The entries below are to be returned as written, with all pictures dropped.

◆ **GIVEN RECORDS**:
···

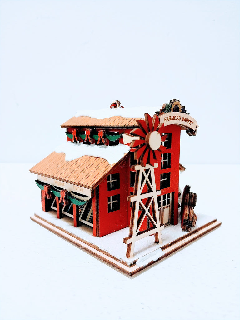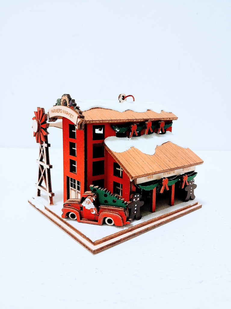 The enchanting Farmer's Market ornament, a delightful holiday treasure designed with a small hole on its underside, ready to borrow a standard bulb from your tree to light up the festive market scene. Unlock its secrets and discover 6 hidden trees and a hidden sunflower, each adding a touch of whimsy and wonder to the vibrant setting. A whimsical addition to your Christmas tree, brimming with hidden delights and festive imagery
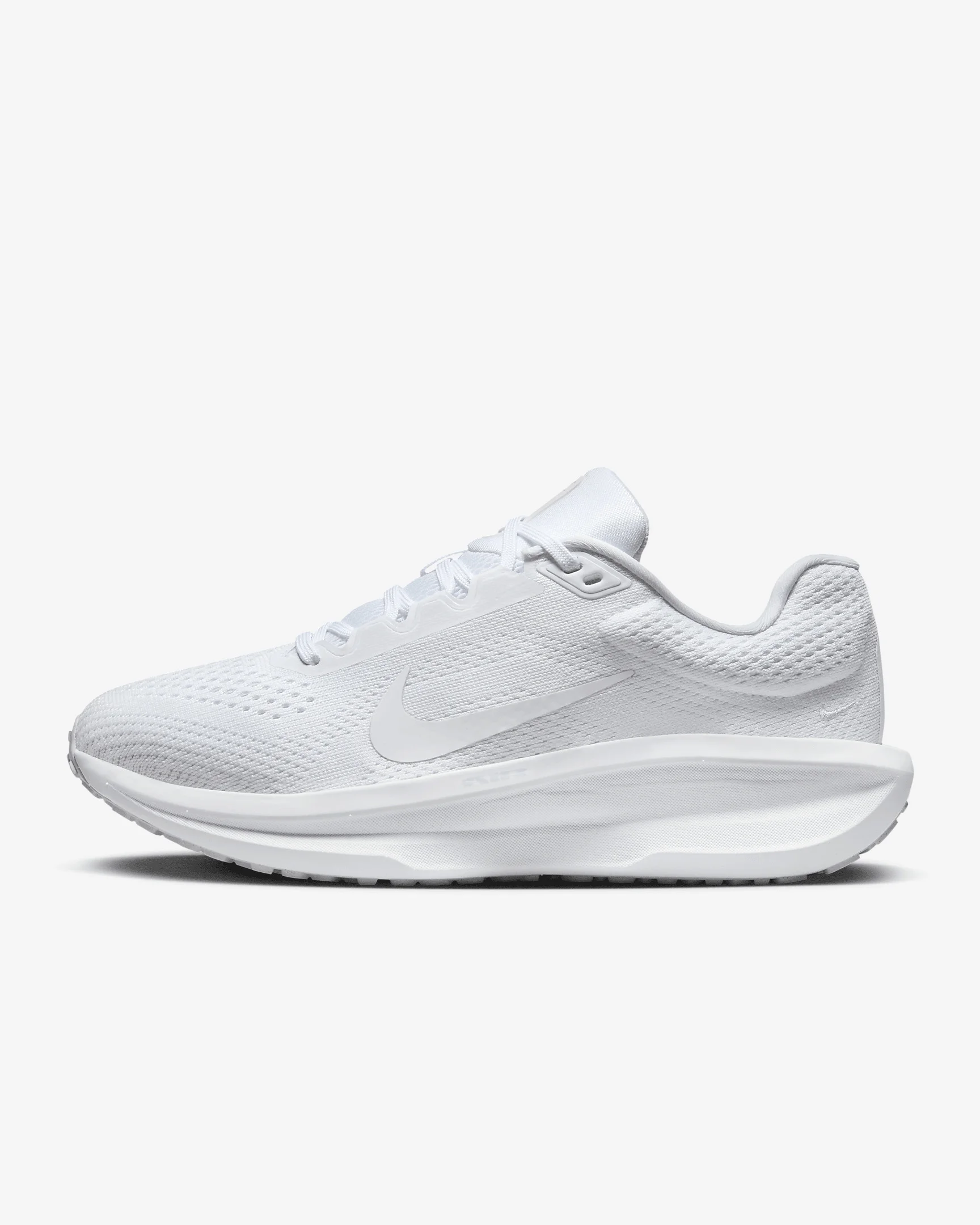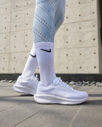 Responsive cushioning provides a balanced ride for everyday runs. Experience energy return with a combination of Cushlon 3.0 foam and a full-length Nike Air unit in the midsole. Plus, an elastic midfoot band and spacious forefoot provide an accommodating, comfortable fit. Benefits - Breathable engineered mesh upper - Cushlon 3.0 foam midsole with a full-length Nike Air unit - Rubber waffle-inspired outsole for reliable traction - Elastic midfoot band to accommodate a variety of fits and activities - What’s New? A spacious forefoot, wider heel and even better breathability. Product Details - Weight: Approx. 262 g/9.2 oz (Women's US 8) - Heel-to-toe drop: 10 mm - MR-10 Last - Our best, most consistent fit - Reflective details - Not intended for use as Personal Protective Equipment (PPE) - Shown: White/Photon Dust/White - Style: FJ9510-100
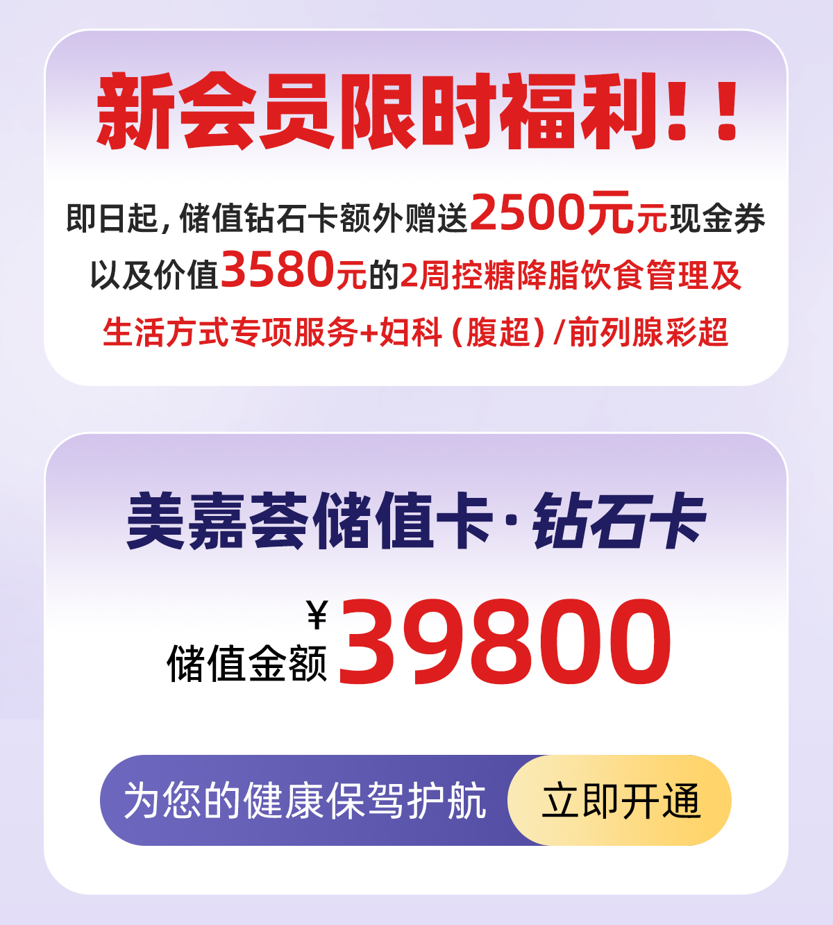欢迎来到美嘉大健康商城!我们致力于为每一位顾客提供专业、全面、个性化的健康管理服务与营养健康产品。我们的会员卡为您提供了多项独特权益,帮助您更好地关注和改善自己的健康状况。
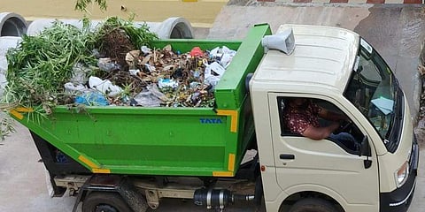 ನಗರದ ಎಲ್ಲಾ 65 ವಾರ್ಡ್ಗಳಿಂದ ತ್ಯಾಜ್ಯವನ್ನು ಸಂಗ್ರಹಿಸುವ ಪೌರಕರ್ಮಿಕರು ರೆಕಾರ್ಡ್ ಮಾಡಿದ ಆಡಿಯೊವನ್ನು ಪ್ಲೇ ಮಾಡುತ್ತಿದ್ದಾರೆ.
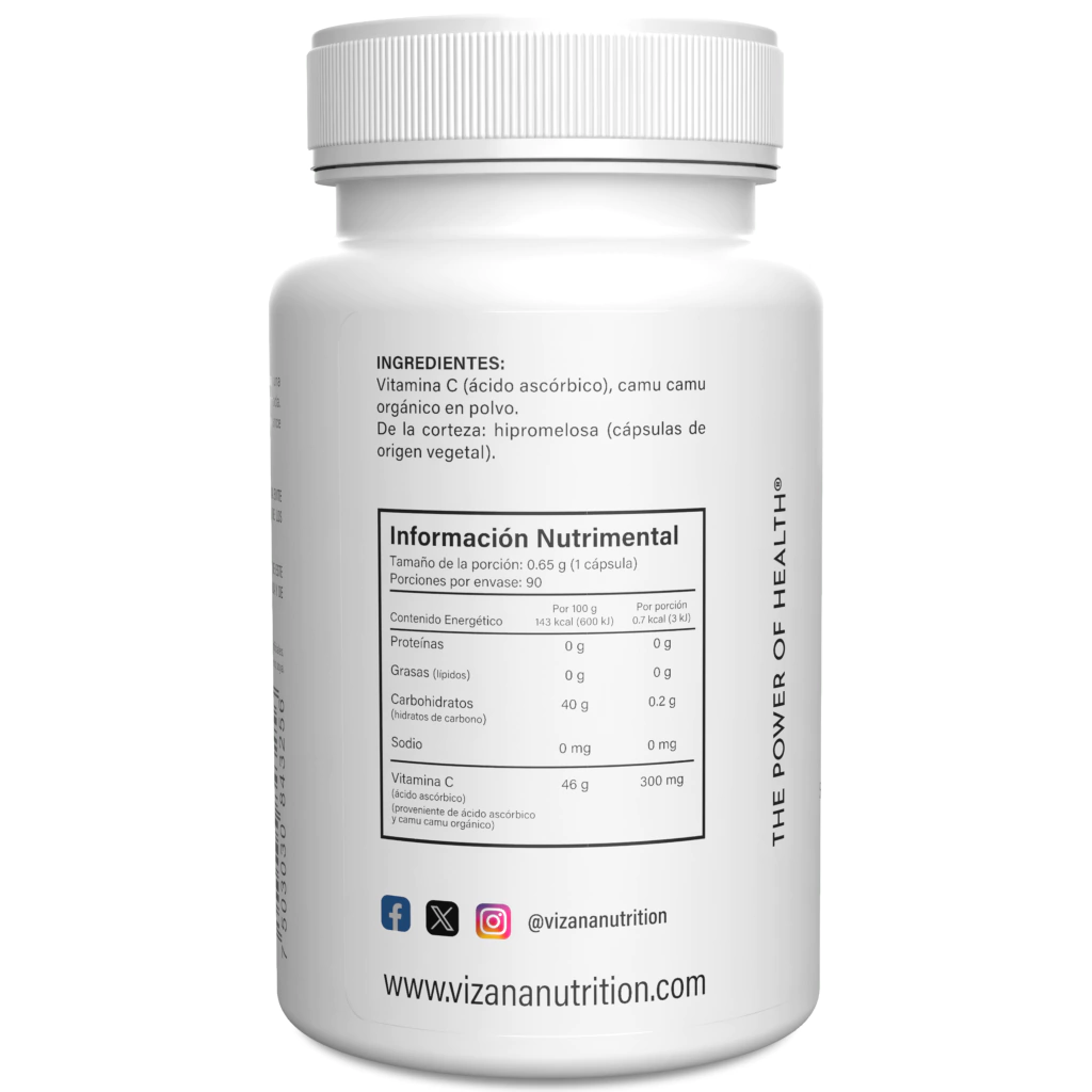 Ingredientes: Ácido ascórbico (vitamina C), camu camu orgánico en polvo. De la corteza: celulosa vegetal
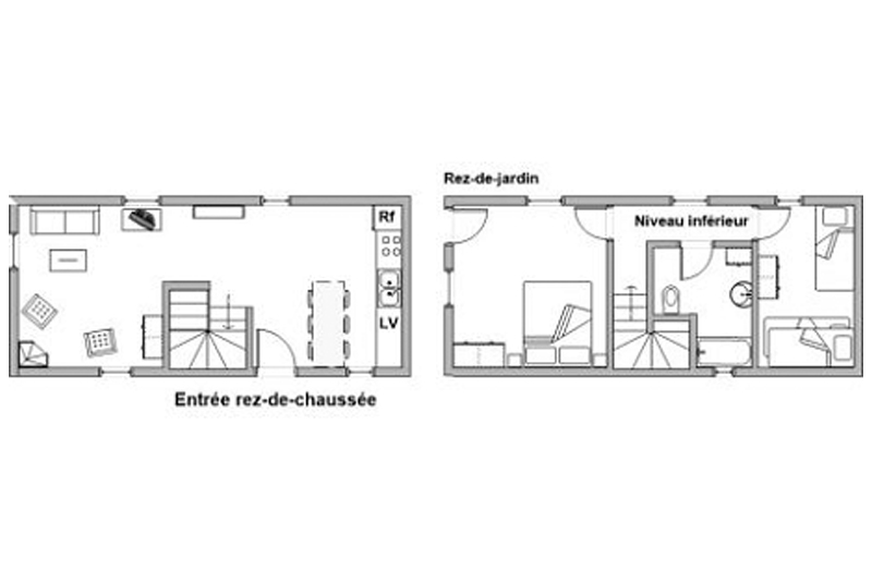 L’intérieur comprend un séjour avec cheminée, TV, cuisine à l’américaine avec lave vaisselle, 1 chambre avec 1 lit double (1m60 sur 2m) ainsi qu’1 chambre enfant avec 1 lit superposé et 1 lit simple, et 1 salle de bain. TV, lave vaisselle, cuisinière, four à gaz, four micro- ondes, frigo et congélateur.
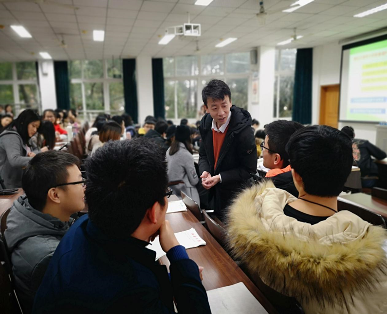 第二场基础教育名师论坛于2018年12月26日10:30在第27教学楼201教室举办。来自重庆一中的周雄老师用“爱心诊室”里王昊同学的案例贯穿课堂,并以幽默视频深入推进道德与法治这一课题的讲解,极大地激发听众的兴趣。在教学过程中,他注重对员工自主性学习能力的培养,极富逻辑性的推理促进员工对精神追求高于物质追求的深入理解。课堂内容贴近生活,知识讲解形象生动。
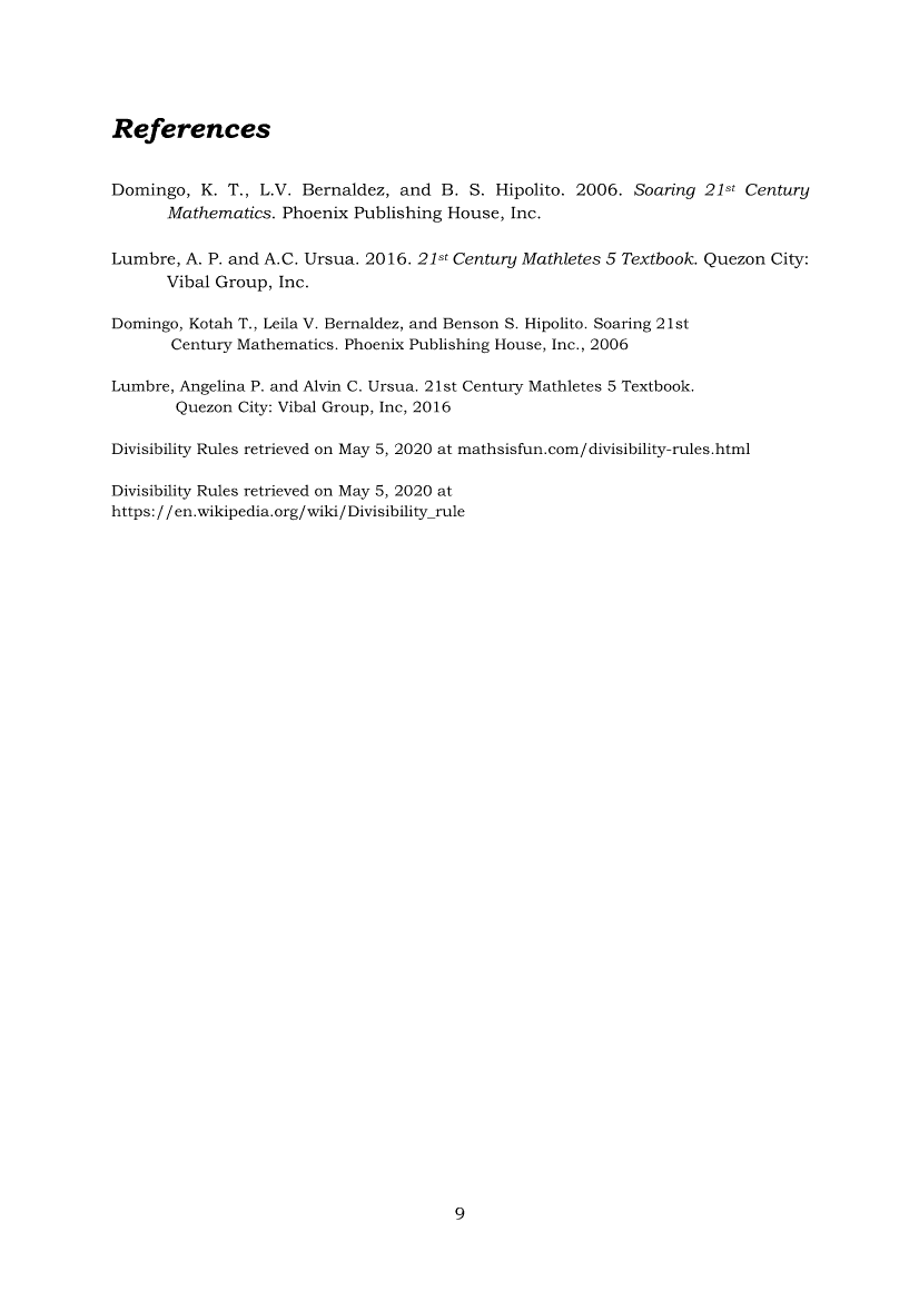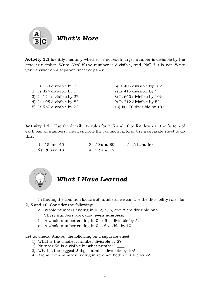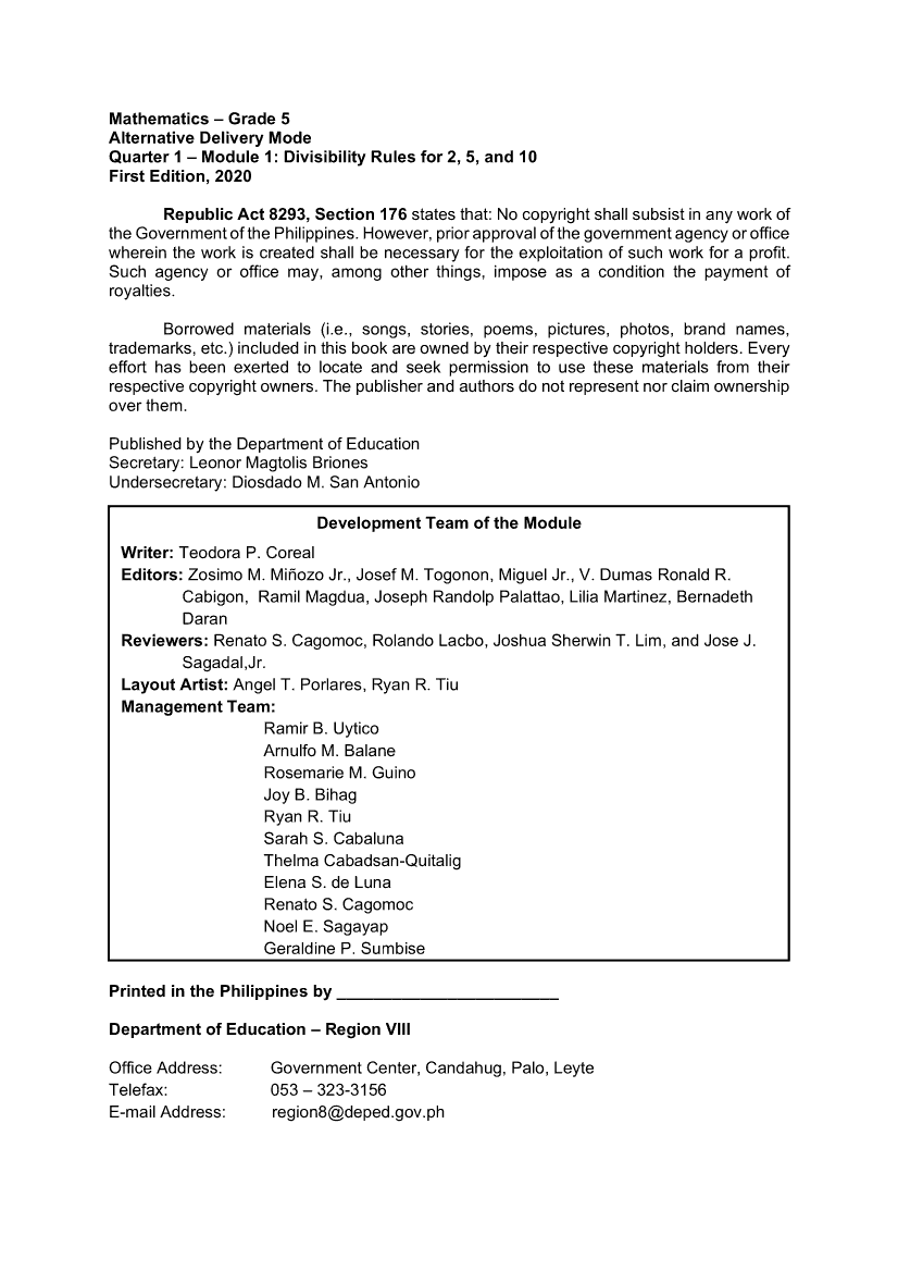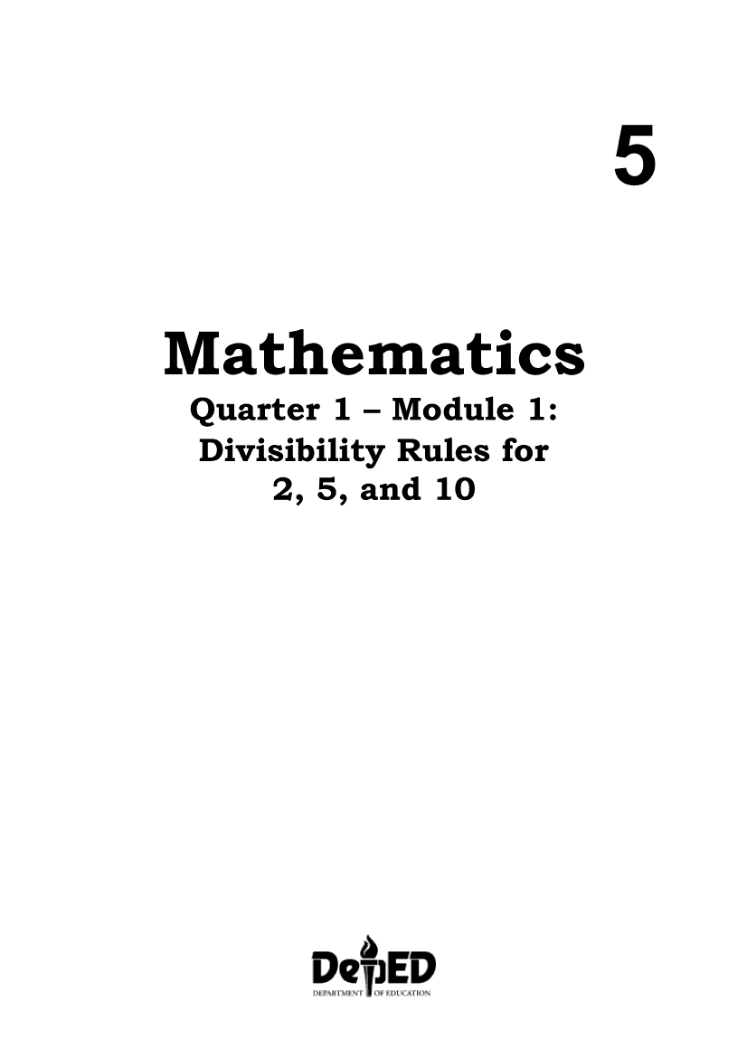 Math 5 Module 1-Divisibility Rules for 2, 5, and 10Apr 22, 2021 Grade 5Kiumo M901 Tablet for Kids — comprehensive protection in learning, safety, and entertainment for as low as **₱2,399!. Math 5RelatedMATHEMATICS Quarter 4 - Module 6 Solving Routine, Non-Routine Problems and Drawing Inferences Based on the Data Presented in a Line GraphMATHEMATICS Quarter 4: Module 1 Finding and Solving Routine and Non-Routine Problems Involving Area of a Given CircleMATHEMATICS Quarter 4: Module 3 Finding and Solving Problems Involving Volume of a Cube and Rectangular PrismMATHEMATICS Quarter 4 - Module 7 Describing, Performing and Recording Result of an Experimental ProbabilityMATHEMATICS Quarter 4 – Module 8 Analyzing and Solving Routine and Non-Routine Problems Involving Experimental Probability

···

◆ **ANSWER TO THE EXERCISE**:
 The enchanting Farmer's Market ornament, a delightful holiday treasure designed with a small hole on its underside, ready to borrow a standard bulb from your tree to light up the festive market scene. Unlock its secrets and discover 6 hidden trees and a hidden sunflower, each adding a touch of whimsy and wonder to the vibrant setting. A whimsical addition to your Christmas tree, brimming with hidden delights and festive imagery
 Responsive cushioning provides a balanced ride for everyday runs. Experience energy return with a combination of Cushlon 3.0 foam and a full-length Nike Air unit in the midsole. Plus, an elastic midfoot band and spacious forefoot provide an accommodating, comfortable fit. Benefits - Breathable engineered mesh upper - Cushlon 3.0 foam midsole with a full-length Nike Air unit - Rubber waffle-inspired outsole for reliable traction - Elastic midfoot band to accommodate a variety of fits and activities - What’s New? A spacious forefoot, wider heel and even better breathability. Product Details - Weight: Approx. 262 g/9.2 oz (Women's US 8) - Heel-to-toe drop: 10 mm - MR-10 Last - Our best, most consistent fit - Reflective details - Not intended for use as Personal Protective Equipment (PPE) - Shown: White/Photon Dust/White - Style: FJ9510-100
欢迎来到美嘉大健康商城!我们致力于为每一位顾客提供专业、全面、个性化的健康管理服务与营养健康产品。我们的会员卡为您提供了多项独特权益,帮助您更好地关注和改善自己的健康状况。
 ನಗರದ ಎಲ್ಲಾ 65 ವಾರ್ಡ್ಗಳಿಂದ ತ್ಯಾಜ್ಯವನ್ನು ಸಂಗ್ರಹಿಸುವ ಪೌರಕರ್ಮಿಕರು ರೆಕಾರ್ಡ್ ಮಾಡಿದ ಆಡಿಯೊವನ್ನು ಪ್ಲೇ ಮಾಡುತ್ತಿದ್ದಾರೆ.
 Ingredientes: Ácido ascórbico (vitamina C), camu camu orgánico en polvo. De la corteza: celulosa vegetal
 L’intérieur comprend un séjour avec cheminée, TV, cuisine à l’américaine avec lave vaisselle, 1 chambre avec 1 lit double (1m60 sur 2m) ainsi qu’1 chambre enfant avec 1 lit superposé et 1 lit simple, et 1 salle de bain. TV, lave vaisselle, cuisinière, four à gaz, four micro- ondes, frigo et congélateur.
 第二场基础教育名师论坛于2018年12月26日10:30在第27教学楼201教室举办。来自重庆一中的周雄老师用“爱心诊室”里王昊同学的案例贯穿课堂,并以幽默视频深入推进道德与法治这一课题的讲解,极大地激发听众的兴趣。在教学过程中,他注重对员工自主性学习能力的培养,极富逻辑性的推理促进员工对精神追求高于物质追求的深入理解。课堂内容贴近生活,知识讲解形象生动。
 Math 5 Module 1-Divisibility Rules for 2, 5, and 10Apr 22, 2021 Grade 5Kiumo M901 Tablet for Kids — comprehensive protection in learning, safety, and entertainment for as low as **₱2,399!. Math 5RelatedMATHEMATICS Quarter 4 - Module 6 Solving Routine, Non-Routine Problems and Drawing Inferences Based on the Data Presented in a Line GraphMATHEMATICS Quarter 4: Module 1 Finding and Solving Routine and Non-Routine Problems Involving Area of a Given CircleMATHEMATICS Quarter 4: Module 3 Finding and Solving Problems Involving Volume of a Cube and Rectangular PrismMATHEMATICS Quarter 4 - Module 7 Describing, Performing and Recording Result of an Experimental ProbabilityMATHEMATICS Quarter 4 – Module 8 Analyzing and Solving Routine and Non-Routine Problems Involving Experimental Probability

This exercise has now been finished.